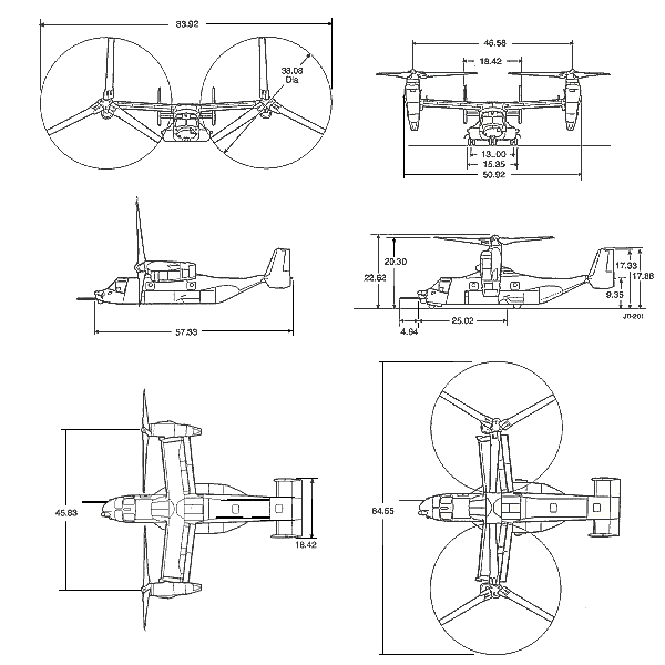 e instalación de los motores. Esta máquina estaría potenciada por dos motores Allison T406-AD-400 que moverían cada uno a tres palas de 38 pies de diámetro (11,58 metros)del rotor, ubicados sobre una envergadura alar de 45 pies (13,71 metros). Cada motor, tiene una potencia de despegue de 6150 shp y un máximo continuo de 5890. La transmisión está limitada a 5000 shp para operación normal, pero para cerca de 6000 shp para casos de emergencias. El Osprey realizó su vuelo inaugural el 19 de marzo de 1989 y su primera transición el 14 de septiembre de 1989. Posee una capacidad de transportar a 24 soldados ó una carga de 864 pies cúbicos. Una rampa de carga se encuentra ubicada en la cola del fuselaje de 57 pies de largo. El peso para el despegue vertical es de hasta 47500 libras (21545 Kg.), mientras que el peso máximo para despegues cortos y aterrizajes puede superar las 60000 libras (27215 Kg.), incluidas 20000 libras (9071 Kg.) de carga interna o externa. El alcance de combate es de 600 millas, con un máximo de un tanque ferry de 2400 millas. La velocidad máxima puede alcanzar los 350 nudos. Para finales de 1996, se habían volado mas de 1100 horas de vuelos de prueba, realizadas con cinco prototipos; dos aeronaves se accidentaron (1991 y 1992), la última cobrando la vida a 7 personas. La primer aeronave de las cuatro “representantes de producción” comenzaron a volar el 5 de febrero de 1997. Se espera que sean construidas un total de 523 aeronaves. VERSIONES
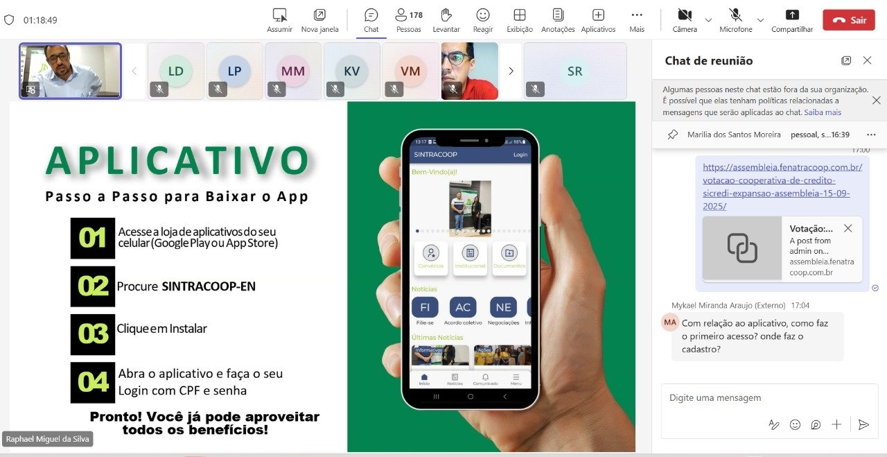 Durante a assembleia também foram divulgados o aplicativo da Fenatracoop e do Sintracoop-AL, além dos convênios disponíveis para a categoria, reforçando o compromisso das entidades em oferecer mais benefícios e facilitar o acesso às informações sindicais.
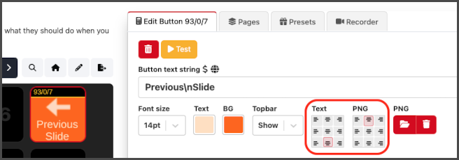If you want to use any of the PNGs from the module presets - here is a link to the <a href="https://raw.githubusercontent.com/bitfocus/companion-module-renewedvision-propresenter-api/main/IconPack.zip">IconPack</a>.
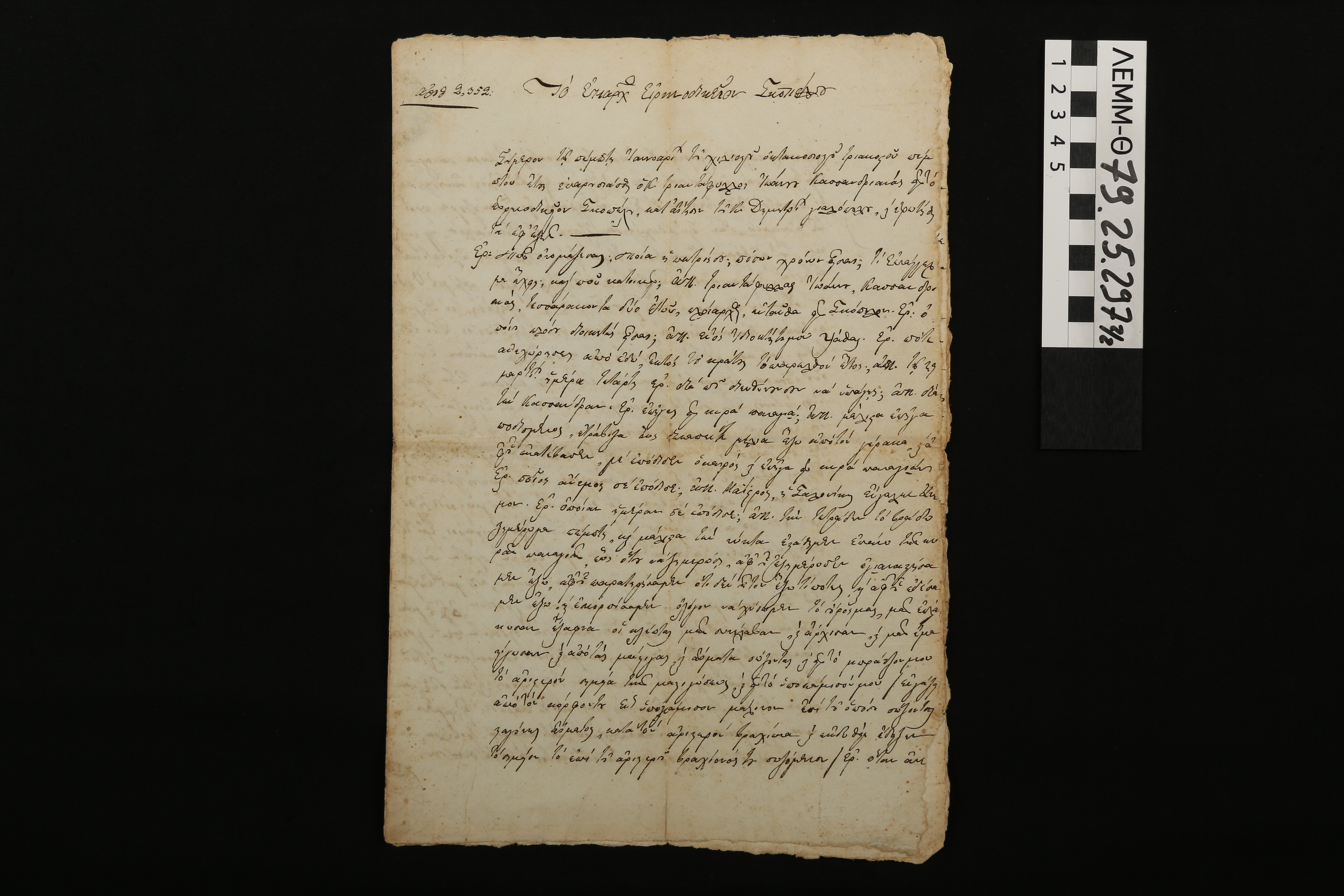 Δικαστικό έγγραφο - καταγεγραμμένη κατάθεση του Τριαντάφυλλου Ιωάννου (ή Ιωάννη) στο Επαρχ. Ειρηνοδικείο Σκοπέλου, 1835
************
**Your goal:** Exactly as they stand, write the lines from the one holding "If you want" to the end of the material, both ends included. Do not copy the pictures.

**Answer to this exercise:**
If you want to use any of the PNGs from the module presets - here is a link to the <a href="https://raw.githubusercontent.com/bitfocus/companion-module-renewedvision-propresenter-api/main/IconPack.zip">IconPack</a>.
 Δικαστικό έγγραφο - καταγεγραμμένη κατάθεση του Τριαντάφυλλου Ιωάννου (ή Ιωάννη) στο Επαρχ. Ειρηνοδικείο Σκοπέλου, 1835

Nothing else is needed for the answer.